Python multi-threaded crawler crawls mugshots.com + data visualization
Life is short, I use python.
Why do so many people use python these days? Many people say that it's because life is short and python can handle a lot of repetitive and tedious tasks in the world efficiently and easily.
That's really not an unreasonable statement.
But then again, I'd say it's because life is long, and a lot of the tedious and boring things you encounter along the way of this long life are made interesting by python.
main text (as opposed footnotes)
MU is an IT video learning site with many high quality video courses, and I have benefited from them on my learning journey. This time I want to write a crawler to crawl down all the Paid hands-on courses of course information, a visual display of the crawled information, and a brief analysis.
There are many videos on the site, there are free courses, career path courses, project based courses, etc., this time just crawling for information on project based courses.
To be crawled Target information are: course name, category, price, instructor, number of learners, course rating, course link, and course length.
As you can see there are a lot of hands-on courses, all of which are a lot of very interesting projects that fall under a total of 8 broad categories:frontier technology, Front-end Development, Backend Development, Mobile Development, cloud computing& big data, Operations and maintenance testing, databases,UI design。
Crawl ideas It is to first get the links to these 8 tags, then crawl the entry links to all the courses under each category, and finally go to each course's detail page in turn and crawl the data we want.
The initial link url is: https://coding.imooc.com/
Through this link to all the practical course page, press the browser F12 key to view the elements of the page, you can find the css path of all the elements of the page, through the css path first get all the links to the category tabs, and then enter each category page, through the css path to get each course course link, and finally through the course link to enter the details page of each course, as follows, within the details page through the css path will be able to get the information we want.
The chart above has the course name, difficulty, length, number of learners, course rating and price. The image below has the names of the instructors for the course.

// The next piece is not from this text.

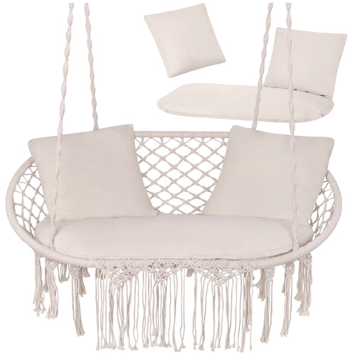 Pretvorite svoju viseću fotelju u pravu oazu opuštanja. Dvodijelni sjedni dio i dva kvadratna jastučića ispunjavaju prostor za sjedenje te osiguravaju stabilnost i meku udobnost pri odmoru u dvoje. Univerzalan dizajn i izdržljivi materijali prikladni su za vrt, terasu, balkon i interijer.

Using multi-threaded crawlers can be several times faster than single-threaded crawlers. For operations such as making a request to a website, it can often take some or even a lot of time if it is single-threaded because of the wait time for a response. In contrast, with multi-threading, a request can be made to another link during the waiting time for a particular response, and another request can be made to another link during the waiting time for a response from another link. Ignoring the small time differences between each request, it is possible to think of them as parallel operations with multiple threads going on at the same time, so that the total time spent crawling is greatly reduced.
The library used for multi-threading is the Thread module under threading. Multiple threads can be created to execute the manipulation errors related to the url request, using these threads as downloaders; while only one thread is needed to extract and store the page data, and this thread can be used as data storage. Data can be transferred between different threads via the queue queue, using the Queue module under the library queue.
There are a dozen or even dozens of courses under each category, so first go to each category page and get all the course links under that page, then you can create a downloader thread for each course link to access its detail page and transfer the returned page data to a memory thread for it to extract the page and get the information we want, and finally store the obtained information in a local csv file.
You can see how it runs.
The following data was crawled to.
The code is placed at the end of the article.
Next the downloaded data is displayed visually.
Rank all hands-on courses by number of learners
And so the nice and beautiful tree diagram was obtained:.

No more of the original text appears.